Van een oude appelboom

(door Imme Dros)

 

Achter in de tuin stond ook nog een boom.

Het was een appelboom, zeiden de mensen.

Maar hoe ze dat wisten?

Wel, grootvader zei het en die zijn vader had de boom geplant.

Maar er had nog nooit een appel aan de boom gehangen.

Ze zouden hem ook wel omgehakt hebben als het niet zo´n werk was geweest en de boom stond toch helemaal achter in de tuin.

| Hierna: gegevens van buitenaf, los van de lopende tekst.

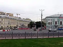La partie Sud-Est de la place jusqu'au milieu du XIXe siècle était occupée par des jardins potagers situés à proximité du monastère de la Nativité-de-la-Mère-de-Dieu (dit simplement monastère de la Nativité). En 1865, un immeuble à trois étages a été construit ici, dans lequel des appartements bon marché étaient loués notamment à des étudiants. L'immeuble a été reconstruit plusieurs fois, et au début du XXIe siècle, il a été démoli. Maintenant, un ensemble immobilier a été construit ici à partir de zéro, combinant un style russe pseudo-ancien avec le style Art nouveau, appelé « Neglinnaya Plaza »[4].
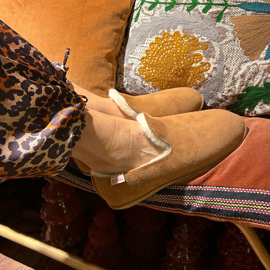 Material: Vegetable-tanned, chrome-free sheepskin (inside & outside)

Niemand die er iets van zag.

Vooral niet in de lente. Dan was de hele tuin wit van de bloesems. Want alle bomen bloeiden, de pruimeboom en de kerseboom en de appelbomen op één na. Daar stond die kromme appelboom dan te staan, terwijl alles bloeide en vol leven was.

Bijen gonsden af en aan, de vogels kwetterden en in het zachte gras speelden de kinderen en maakten lawaai en lachten. Maar de appelboom stond daar alleen en hij had geen bloesems.

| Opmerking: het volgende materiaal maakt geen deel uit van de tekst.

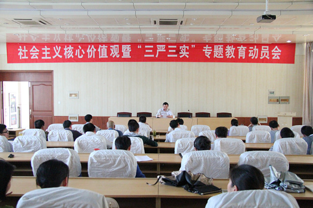 马平在作专题教育时指出,各单位各部门要全面掌握社会主义核心价值观、“三严三实”内涵及重要意义。“三严三实”是党的领导干部的行为准则和为官之道,是对作风建设一系列规定要求的提炼和概括。开展“三严三实”专题教育,要着力解决“不严不实”问题,切实增强践行“三严三实”要求的思想自觉和行动自觉,努力在深化“四风”整治、巩固和拓展党的群众路线教育实践活动成果上见成效;在守纪律讲规矩、营造良好政治生态上见实效;在真抓实干、推动改革发展稳定上见实效。全院要以社会主义核心价值观教育、“三严三实”教育统领干部队伍建设、师德师风建设、校园文化建设。

Hij kroop steeds meer in elkaar van schaamte en verdriet. "Ik ben een nutteloze boom," dacht hij. "Ik ben het omhakken niet waard, nog nooit één appel; was ik maar nooit gezaaid."

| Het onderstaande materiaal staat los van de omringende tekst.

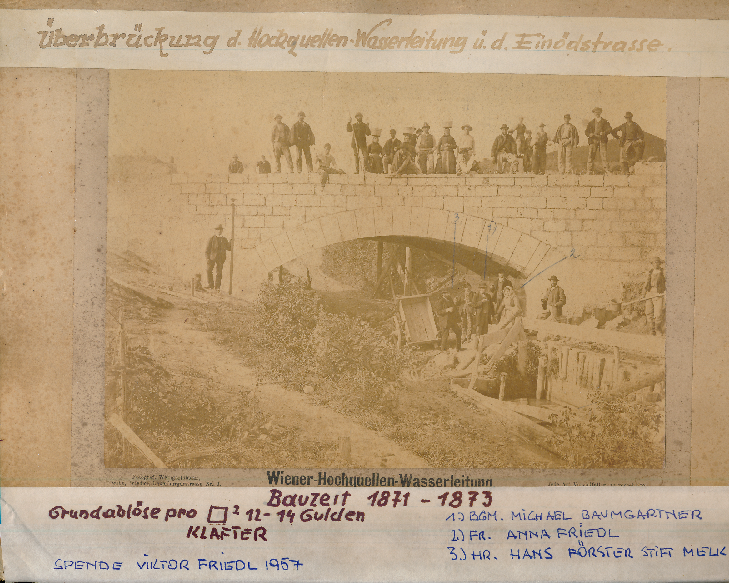 Das bisher älteste bekannet altes Foto aus Pfaffstätten stammt aus den Jahren 1871-1873. Es zeigt eine beschriftete Postkart des Baus des Aquädukts in der Einöde. Diese Postkarten sind heute begehrte Sammlerstücke.

Intussen was het helemaal niet de schuld van de ongelukkige boom, dat hij niet bloeide. Hij stond heel verkeerd daar vlak bij de muur, geen wortel kon een kant heen en het water liep altijd meteen dieper de tuin in omdat de grond ongelijk was. Maar de appelboom gaf zichzelf overal de schuld van.

En hoewel het hopeloos was, hoopte hij toch elk jaar weer, dat hij een paar bloesems zou dragen en een heel klein appeltje in de herfst. Maar nee hoor, er gebeurde geen wonder.

Op een dag midden in de winter kwamen er een paar mannen naar de boom toe met hamers en beitels. De boom dacht al dat zijn laatste uur geslagen had. Dat was ook de bedoeling. De mannen kwamen de muur wegkappen. Dat was een mooie gelegenheid de boom meteen ook op te ruimen. Maar na die hele lange muur waren ze zo moe dat ze de boom alweer lieten staan.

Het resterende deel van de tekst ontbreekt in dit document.